To be a cost-effective solution, block blob data comes as Hot, Cool and Archive access tiers. Early in the lifecycle, people access some data often. But the need for access drops drastically as the data ages. Some data stays idle in the cloud and is rarely accessed once stored. The Cool option is for data that is infrequently accessed and stored for at least 30 days and the Archive option is optimized for storing data that is rarely accessed and stored for at least 180 days with flexible latency requirements, on the order of hours.

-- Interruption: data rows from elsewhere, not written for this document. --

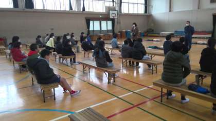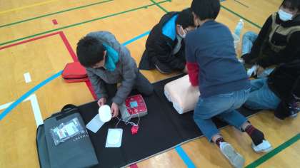 伏見消防署の方に来ていただき,救命講習を行いました。心肺蘇生法やAEDの使い方などを教わりました。人形を使って,実際と近い形で学ぶことができました。いざという時には,この学習を生かしてほしいなと思います!
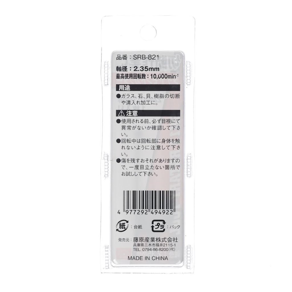 The SK11 Diamond Cutting Wheel, model SRB-821, is ideal for cutting and grooving tasks on glass, stone, shell, and resin. This precision tool features a 22 mm diameter and 0.7 mm thickness and comes with a 2.35 mm mandrel for easy attachment. It can handle up to 10000 RPM and ensures smooth and efficient performance. Remember to always operate within the specified rotational speed for safe use.
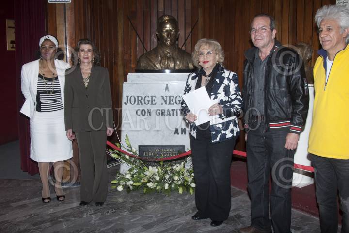 MÉXICO, D.F., 06DICIEMBRE2012.- Los miembros de Honor y Justicia de la ANDA, Verónica con K, Yolanda Seane, Sílvia Pinal, Abel Casillas y Pocholo ontaron una guardía de honor en el busto del cantante y actor, Jorge Negrete quien ayer cumplió 59 años de fallecido, la guardia se realizao en el Teatro que lleva su nombre y que también ayer cumplio 55 años de inaugurado. FOTO: FRANCISCO RODRÍGUEZ /CUARTOSCURO.COM
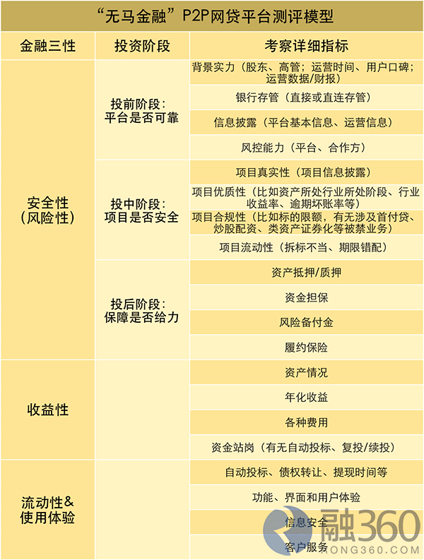 无马金融P2P平台测评模型
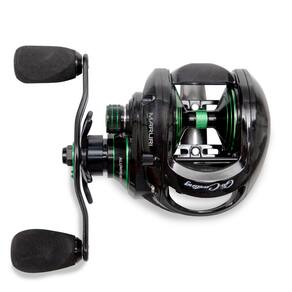 - Velocidade de Recolhimento: 7.1:1 - Drag: 10Kg - 6+1 rolamentos - Capacidade de linha 0.37mm/ 165m - Chassi em alumínio - Yoke híbrido - Sistema de freio: Magnético - Freio com discos de carbono - Coroa / Pinhão: Latão - Manivela em alumínio - Peso 256g - Capacidade de linha: 0.37mm - Knobs: E.V.A
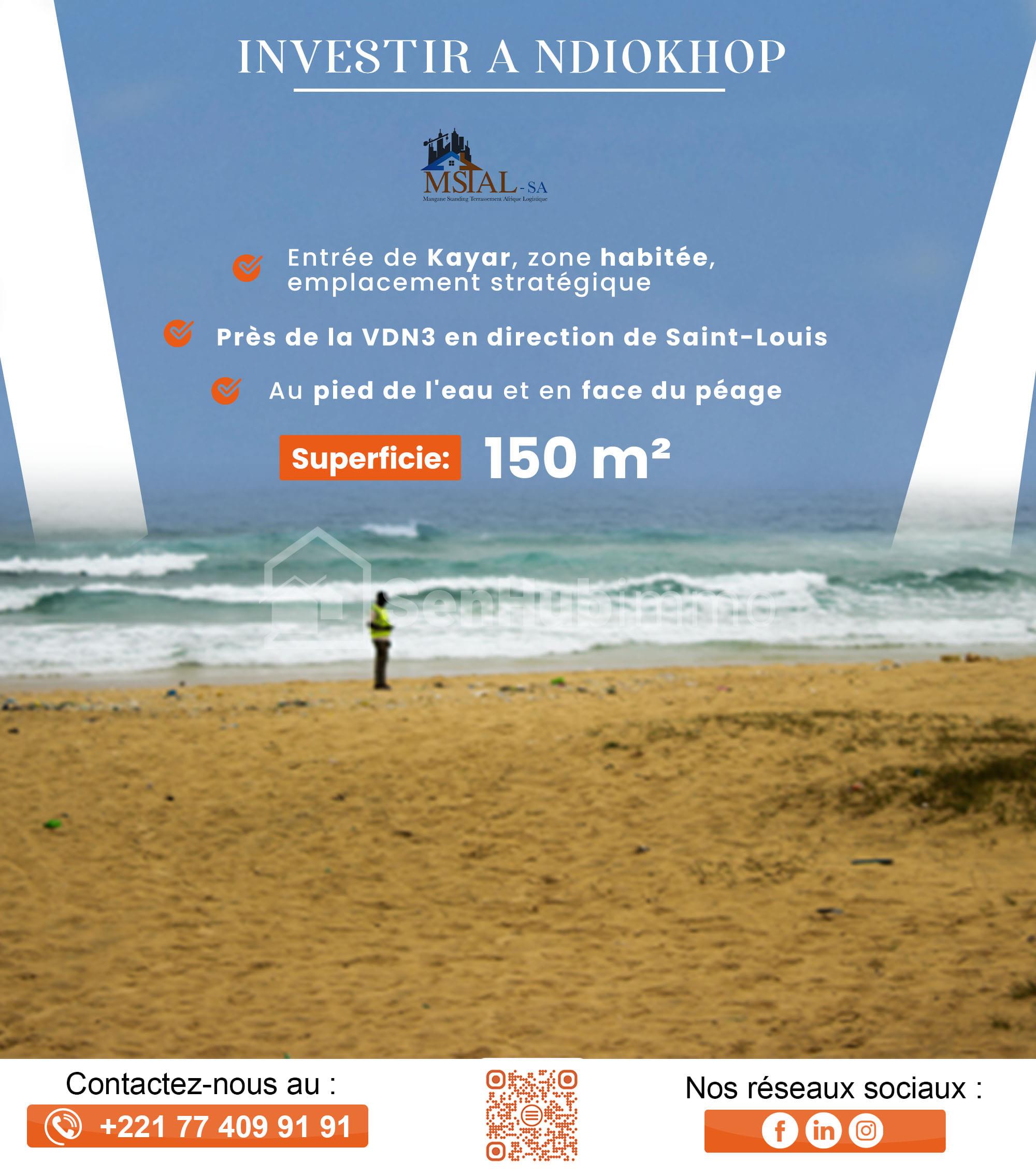 Pourquoi choisir Ndiokhop ? Localisation privilégiée : Entrée de Kayar, en face du péage et proche de la VDN3 en direction de Saint-Louis Zone habitée : Quartier en plein développement avec un accès rapide par la voie de Bayakh Cadre idéal : Climat agréable toute l’année, proche de l’eau Infrastructures disponibles : Électricité et eau déjà sur place Ne ratez pas cette occasion d’investir dans l’avenir ! Contactez-nous dès maintenant au 77 409 91 91 pour plus d’informations ou une visite du site.
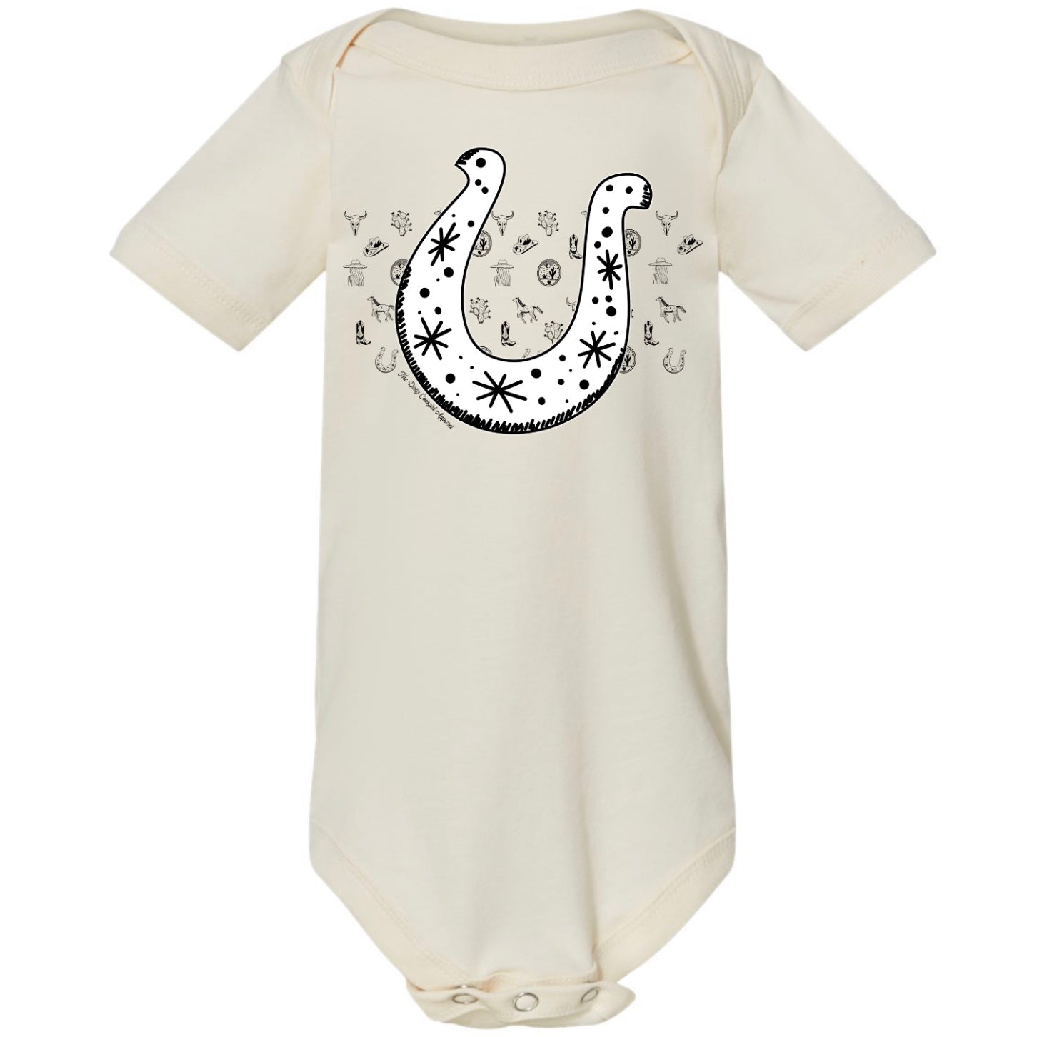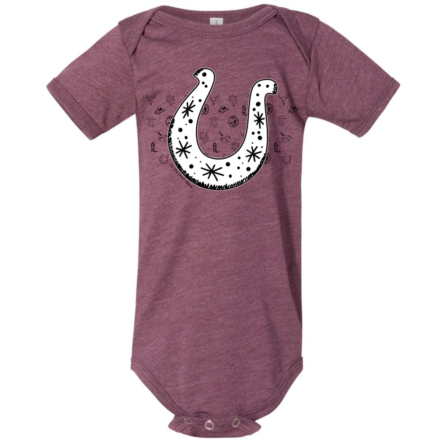 The horse shoe is a symbol of luck and strength in the cowboy world, and your little one will show it off perfectly in this adorable new design!
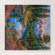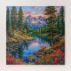 Die farbenfrohe Bergkulisse mit einem reflektierenden See, hohen Bäumen, Wildblumen und einem entfernten, sonnenaufgangsbeleuchteten Gipfel zeigt die Ruhe und lebendige Schönheit der Natur.
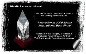 Marlow Yachts was honored to accept this award at the 2009 Miami International Boat Show. We were awarded for our “Full Stack Infusion ©” construction process. This proprietary process produces a near perfect laminate providing for a more open interior with greater structural strength. This combination of benefits results in dramatic weight savings with increased hull performance and efficiency.
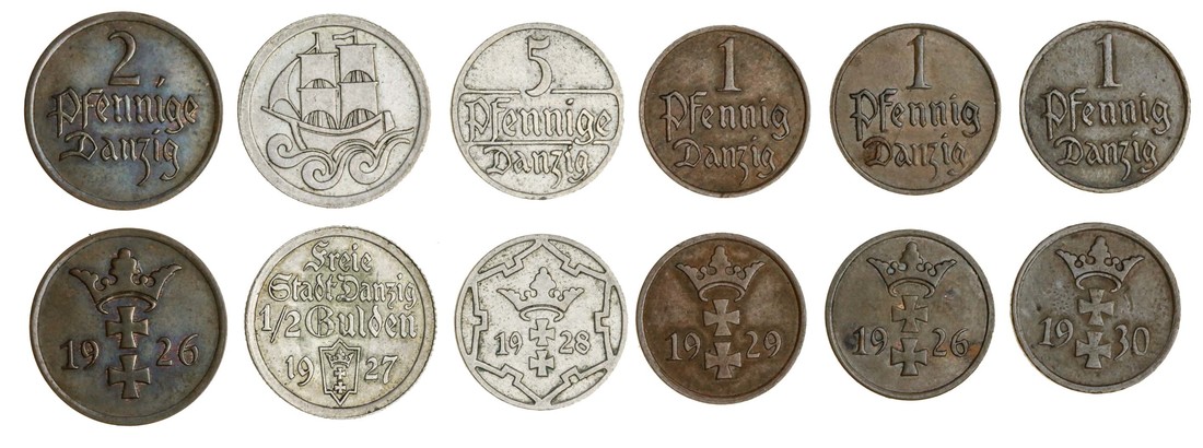 Danzig, Half-Gulden, 1927, 5-Pfennig, 1928, 2-Pfennig, 1926, and Pfennigs (3), 1926, 1029, 1930, (KM.144, 142, 141, 140), very fine or better (6)
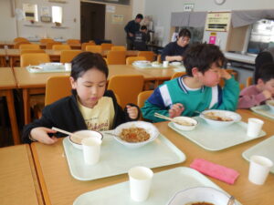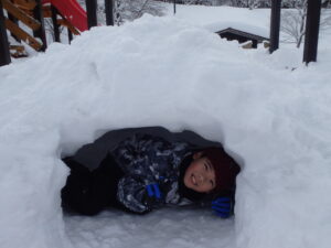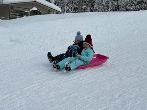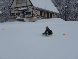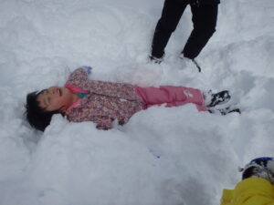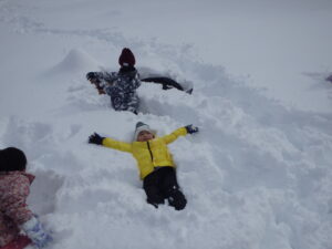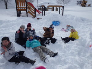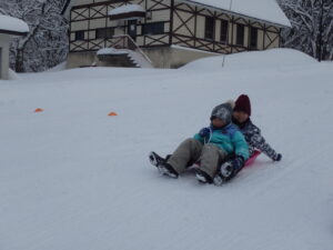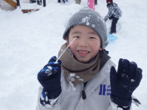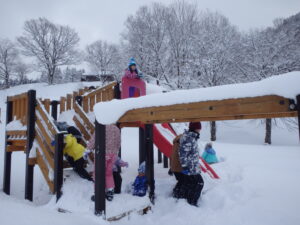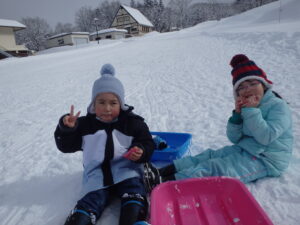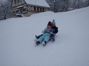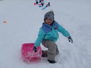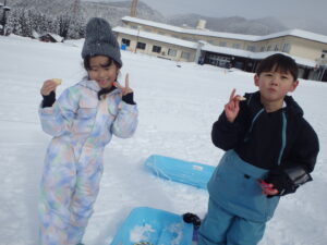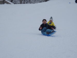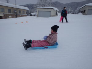 1・2・3年生は雪遊び学習を行いました。立山山麓スキー場です。4~6年生のスキー学習のゲレンデに隣接する場所で雪遊びを楽しみました。晴天!他校の利用もなく、マイゲレンデでした。そり滑りに没頭し、それはもう夢中になって楽しむことができました。そりを持って行き山を登り、そこから滑る爽快感にとりつかれたようでした。また、アスレチックで友達と穴を掘ったり雪合戦をしたりして午前中いっぱい活動しました。昼食のカレーライスを食べた後は、室内ゲームを楽しみました。ハンカチ落としや風船バレーなど、みんなで仲良く活動しました。保護者の皆様、準備等ありがとうございました。
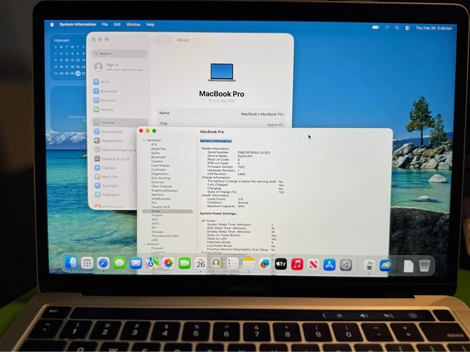 MacBook Pro 13-inch with Apple M2 chip. 8GB RAM, 256GB storage. Battery health is 94% with 215 cycle count. Charger is included.
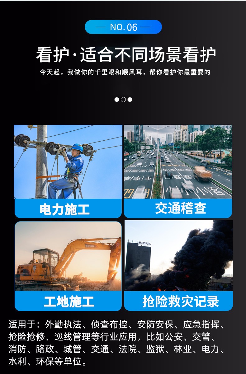 適用于外勤執(zhí)法、偵查布控、安防安保、應(yīng)急指揮、搶險(xiǎn)搶修、巡線管理等行業(yè)應(yīng)用,比如公安、交警、消防、路政、城管、交通、法院、監(jiān)獄、林業(yè)、電力、水利、環(huán)保等單位。

Blob storage offers three types of resources, the account, a container in the account, and a blob container. A storage account provides a unique namespace. If your storage account name is "mystorage101" then the default endpoint will be https://mystorage101.blob.core.windows.net. A container is like a directory in a file system. Azure Storage supports 3 different types of blobs:

• Block Blobs which store text and binary data up to 4.7TB
• Append Blobs which are optimized for append operations like logging data
• Page Blobs which can store VHD and serve as disks for Azure VMs and supports up to 8TB

Azure storage has several security features such as Azure AD and RBAC. Data can be secured in transit with Client-Side Encryption, HTTPS or SMB 3.0. Data disks can also be encrypted. Azure Storage automatically encrypts your data when persisting it to the cloud with encryption similar to Bitlocker on Windows. Encryption cannot be disabled. You can rely on Microsoft-managed keys for the encryption of your storage account, or you can manage encryption with your keys.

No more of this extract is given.